▶ [Work instruction]
For each line below that holds "степень", return the line as it stands.

▶ [Raw data]
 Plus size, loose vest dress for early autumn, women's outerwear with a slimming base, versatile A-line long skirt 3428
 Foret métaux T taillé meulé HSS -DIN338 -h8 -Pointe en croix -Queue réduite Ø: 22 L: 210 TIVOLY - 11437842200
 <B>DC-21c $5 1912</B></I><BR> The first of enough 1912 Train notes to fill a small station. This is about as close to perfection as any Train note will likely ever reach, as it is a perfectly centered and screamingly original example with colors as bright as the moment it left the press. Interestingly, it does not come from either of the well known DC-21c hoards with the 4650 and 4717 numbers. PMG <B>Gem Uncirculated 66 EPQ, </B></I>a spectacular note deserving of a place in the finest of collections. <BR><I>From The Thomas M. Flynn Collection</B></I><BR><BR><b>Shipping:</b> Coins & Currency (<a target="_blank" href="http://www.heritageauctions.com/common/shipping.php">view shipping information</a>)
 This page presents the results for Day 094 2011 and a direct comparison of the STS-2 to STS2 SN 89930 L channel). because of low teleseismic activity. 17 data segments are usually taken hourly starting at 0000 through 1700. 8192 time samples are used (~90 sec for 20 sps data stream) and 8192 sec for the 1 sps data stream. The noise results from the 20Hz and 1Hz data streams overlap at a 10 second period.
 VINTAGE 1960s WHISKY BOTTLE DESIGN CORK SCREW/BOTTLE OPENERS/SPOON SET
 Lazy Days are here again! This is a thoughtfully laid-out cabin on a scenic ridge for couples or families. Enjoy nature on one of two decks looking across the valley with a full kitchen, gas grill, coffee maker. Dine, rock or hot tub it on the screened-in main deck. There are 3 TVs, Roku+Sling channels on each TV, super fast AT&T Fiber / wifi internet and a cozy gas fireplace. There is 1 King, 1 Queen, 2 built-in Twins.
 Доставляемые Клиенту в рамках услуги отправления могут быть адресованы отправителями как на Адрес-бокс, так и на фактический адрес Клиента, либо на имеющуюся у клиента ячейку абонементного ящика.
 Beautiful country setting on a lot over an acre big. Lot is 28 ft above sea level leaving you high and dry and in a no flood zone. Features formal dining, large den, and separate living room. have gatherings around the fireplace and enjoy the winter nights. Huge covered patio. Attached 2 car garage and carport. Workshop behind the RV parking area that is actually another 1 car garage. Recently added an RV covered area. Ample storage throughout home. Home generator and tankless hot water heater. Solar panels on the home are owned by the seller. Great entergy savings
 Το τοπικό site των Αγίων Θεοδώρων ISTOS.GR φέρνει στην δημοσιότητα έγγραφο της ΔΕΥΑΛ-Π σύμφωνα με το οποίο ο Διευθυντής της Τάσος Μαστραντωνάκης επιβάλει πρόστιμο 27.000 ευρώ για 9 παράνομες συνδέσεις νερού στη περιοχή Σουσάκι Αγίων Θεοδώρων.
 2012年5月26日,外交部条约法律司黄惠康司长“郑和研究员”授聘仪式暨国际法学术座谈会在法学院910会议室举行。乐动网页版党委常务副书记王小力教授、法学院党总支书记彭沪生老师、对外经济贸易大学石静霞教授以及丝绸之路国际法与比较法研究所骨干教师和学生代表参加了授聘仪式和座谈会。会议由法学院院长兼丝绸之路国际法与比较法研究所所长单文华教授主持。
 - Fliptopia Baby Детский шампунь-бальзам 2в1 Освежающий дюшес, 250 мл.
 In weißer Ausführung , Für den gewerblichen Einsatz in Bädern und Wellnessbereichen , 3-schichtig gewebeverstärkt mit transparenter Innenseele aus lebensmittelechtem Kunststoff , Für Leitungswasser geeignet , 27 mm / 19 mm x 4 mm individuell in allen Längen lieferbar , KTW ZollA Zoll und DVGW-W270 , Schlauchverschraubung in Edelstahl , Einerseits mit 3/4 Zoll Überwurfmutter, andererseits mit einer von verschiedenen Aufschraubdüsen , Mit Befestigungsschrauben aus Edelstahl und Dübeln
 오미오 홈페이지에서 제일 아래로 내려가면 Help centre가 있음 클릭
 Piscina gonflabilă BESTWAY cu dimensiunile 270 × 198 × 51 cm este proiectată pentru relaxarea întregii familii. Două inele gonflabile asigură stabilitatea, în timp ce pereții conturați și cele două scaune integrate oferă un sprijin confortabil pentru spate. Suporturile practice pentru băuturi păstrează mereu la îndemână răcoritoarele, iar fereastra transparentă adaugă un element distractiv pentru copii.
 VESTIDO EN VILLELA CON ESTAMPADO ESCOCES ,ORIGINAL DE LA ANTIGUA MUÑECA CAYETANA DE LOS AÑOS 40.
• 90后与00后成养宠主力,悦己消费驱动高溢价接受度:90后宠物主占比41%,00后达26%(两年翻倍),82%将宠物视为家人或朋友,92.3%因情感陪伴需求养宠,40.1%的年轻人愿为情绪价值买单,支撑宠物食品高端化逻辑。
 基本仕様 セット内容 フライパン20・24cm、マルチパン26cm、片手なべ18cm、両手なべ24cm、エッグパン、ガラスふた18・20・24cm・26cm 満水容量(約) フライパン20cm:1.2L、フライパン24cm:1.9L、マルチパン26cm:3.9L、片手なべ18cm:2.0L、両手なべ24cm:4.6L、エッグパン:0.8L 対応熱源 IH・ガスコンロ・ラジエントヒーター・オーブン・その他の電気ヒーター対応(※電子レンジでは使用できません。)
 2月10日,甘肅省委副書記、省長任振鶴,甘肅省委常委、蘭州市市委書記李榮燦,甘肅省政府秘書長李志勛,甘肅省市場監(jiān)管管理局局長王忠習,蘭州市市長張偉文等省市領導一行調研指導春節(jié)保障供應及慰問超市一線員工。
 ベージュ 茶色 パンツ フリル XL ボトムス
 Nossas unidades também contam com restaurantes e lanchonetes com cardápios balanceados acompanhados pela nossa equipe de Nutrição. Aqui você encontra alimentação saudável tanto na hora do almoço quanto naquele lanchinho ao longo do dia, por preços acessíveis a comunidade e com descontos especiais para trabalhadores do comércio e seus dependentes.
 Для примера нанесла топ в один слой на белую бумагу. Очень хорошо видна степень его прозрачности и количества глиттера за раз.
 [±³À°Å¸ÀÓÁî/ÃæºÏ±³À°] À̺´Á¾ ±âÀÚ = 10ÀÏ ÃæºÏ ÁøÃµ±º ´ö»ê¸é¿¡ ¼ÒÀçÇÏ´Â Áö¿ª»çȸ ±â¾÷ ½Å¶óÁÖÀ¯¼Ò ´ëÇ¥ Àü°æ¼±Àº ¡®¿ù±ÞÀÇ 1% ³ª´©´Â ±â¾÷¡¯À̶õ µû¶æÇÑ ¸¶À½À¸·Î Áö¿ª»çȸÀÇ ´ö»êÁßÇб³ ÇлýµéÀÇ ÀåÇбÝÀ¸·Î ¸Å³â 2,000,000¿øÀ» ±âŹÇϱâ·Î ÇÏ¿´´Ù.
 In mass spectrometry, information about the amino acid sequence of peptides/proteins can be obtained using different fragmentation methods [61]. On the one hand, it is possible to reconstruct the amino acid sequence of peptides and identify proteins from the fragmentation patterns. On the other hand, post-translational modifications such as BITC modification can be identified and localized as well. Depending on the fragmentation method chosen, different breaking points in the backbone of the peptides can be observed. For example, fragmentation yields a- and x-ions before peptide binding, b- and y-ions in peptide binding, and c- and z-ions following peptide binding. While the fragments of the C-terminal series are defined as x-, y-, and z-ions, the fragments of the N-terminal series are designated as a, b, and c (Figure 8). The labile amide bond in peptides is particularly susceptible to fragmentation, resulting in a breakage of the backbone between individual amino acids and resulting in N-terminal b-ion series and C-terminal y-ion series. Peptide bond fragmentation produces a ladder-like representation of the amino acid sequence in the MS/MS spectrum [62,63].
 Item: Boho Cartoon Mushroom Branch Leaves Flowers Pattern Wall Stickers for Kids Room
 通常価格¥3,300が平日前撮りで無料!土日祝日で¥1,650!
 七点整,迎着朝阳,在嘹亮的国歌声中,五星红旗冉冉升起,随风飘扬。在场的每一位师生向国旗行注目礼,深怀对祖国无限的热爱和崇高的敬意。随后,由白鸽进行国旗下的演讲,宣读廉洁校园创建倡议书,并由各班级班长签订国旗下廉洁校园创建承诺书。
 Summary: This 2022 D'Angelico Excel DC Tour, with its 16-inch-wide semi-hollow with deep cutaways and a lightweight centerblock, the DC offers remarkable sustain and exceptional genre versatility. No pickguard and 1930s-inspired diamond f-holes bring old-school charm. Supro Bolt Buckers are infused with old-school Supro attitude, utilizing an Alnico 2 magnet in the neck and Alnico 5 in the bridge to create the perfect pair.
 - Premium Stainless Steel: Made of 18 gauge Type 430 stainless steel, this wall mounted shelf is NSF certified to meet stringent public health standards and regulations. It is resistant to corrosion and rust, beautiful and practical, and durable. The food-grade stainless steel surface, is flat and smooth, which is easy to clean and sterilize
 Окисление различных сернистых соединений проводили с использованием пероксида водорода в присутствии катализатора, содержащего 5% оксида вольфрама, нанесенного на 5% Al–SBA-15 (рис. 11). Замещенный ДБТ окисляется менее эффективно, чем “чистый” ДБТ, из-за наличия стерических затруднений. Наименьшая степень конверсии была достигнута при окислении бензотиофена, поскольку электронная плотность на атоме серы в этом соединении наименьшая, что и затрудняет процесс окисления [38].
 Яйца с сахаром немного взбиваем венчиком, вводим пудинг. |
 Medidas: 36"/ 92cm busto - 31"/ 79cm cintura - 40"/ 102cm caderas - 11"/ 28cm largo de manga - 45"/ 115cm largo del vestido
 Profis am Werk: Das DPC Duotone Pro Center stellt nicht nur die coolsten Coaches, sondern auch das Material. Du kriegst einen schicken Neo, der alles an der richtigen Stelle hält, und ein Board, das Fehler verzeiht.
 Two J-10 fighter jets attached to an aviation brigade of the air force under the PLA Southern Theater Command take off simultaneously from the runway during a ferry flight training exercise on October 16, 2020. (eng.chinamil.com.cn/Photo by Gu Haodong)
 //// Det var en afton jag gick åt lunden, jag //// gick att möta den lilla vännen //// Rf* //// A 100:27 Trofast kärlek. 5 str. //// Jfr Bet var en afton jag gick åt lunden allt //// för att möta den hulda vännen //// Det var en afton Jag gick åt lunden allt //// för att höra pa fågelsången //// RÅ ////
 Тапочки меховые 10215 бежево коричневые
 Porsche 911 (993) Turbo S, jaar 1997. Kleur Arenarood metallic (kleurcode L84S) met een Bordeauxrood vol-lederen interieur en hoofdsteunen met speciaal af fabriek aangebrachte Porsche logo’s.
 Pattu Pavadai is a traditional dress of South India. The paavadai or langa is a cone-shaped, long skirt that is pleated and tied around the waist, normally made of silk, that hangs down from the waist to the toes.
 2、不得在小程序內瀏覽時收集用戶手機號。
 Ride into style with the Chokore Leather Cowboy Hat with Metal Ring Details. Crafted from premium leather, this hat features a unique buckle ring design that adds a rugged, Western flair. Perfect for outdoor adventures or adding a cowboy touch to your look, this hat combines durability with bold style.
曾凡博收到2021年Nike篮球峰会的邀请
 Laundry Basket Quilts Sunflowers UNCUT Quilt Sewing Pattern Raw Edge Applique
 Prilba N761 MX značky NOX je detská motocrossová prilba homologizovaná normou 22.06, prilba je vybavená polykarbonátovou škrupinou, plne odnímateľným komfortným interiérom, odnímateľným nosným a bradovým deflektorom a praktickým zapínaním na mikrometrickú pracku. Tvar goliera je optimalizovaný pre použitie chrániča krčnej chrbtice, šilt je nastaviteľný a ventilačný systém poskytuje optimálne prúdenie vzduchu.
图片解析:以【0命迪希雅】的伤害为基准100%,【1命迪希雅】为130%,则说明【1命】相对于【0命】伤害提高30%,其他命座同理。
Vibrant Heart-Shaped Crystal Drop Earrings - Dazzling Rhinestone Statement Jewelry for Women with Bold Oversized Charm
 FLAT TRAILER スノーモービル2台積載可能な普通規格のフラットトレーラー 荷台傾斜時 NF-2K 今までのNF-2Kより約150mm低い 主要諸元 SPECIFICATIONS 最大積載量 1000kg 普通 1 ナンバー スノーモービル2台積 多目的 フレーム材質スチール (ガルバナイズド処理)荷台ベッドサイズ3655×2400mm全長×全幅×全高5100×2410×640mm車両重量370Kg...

▶ [Response]
 Для примера нанесла топ в один слой на белую бумагу. Очень хорошо видна степень его прозрачности и количества глиттера за раз.
 Окисление различных сернистых соединений проводили с использованием пероксида водорода в присутствии катализатора, содержащего 5% оксида вольфрама, нанесенного на 5% Al–SBA-15 (рис. 11). Замещенный ДБТ окисляется менее эффективно, чем “чистый” ДБТ, из-за наличия стерических затруднений. Наименьшая степень конверсии была достигнута при окислении бензотиофена, поскольку электронная плотность на атоме серы в этом соединении наименьшая, что и затрудняет процесс окисления [38].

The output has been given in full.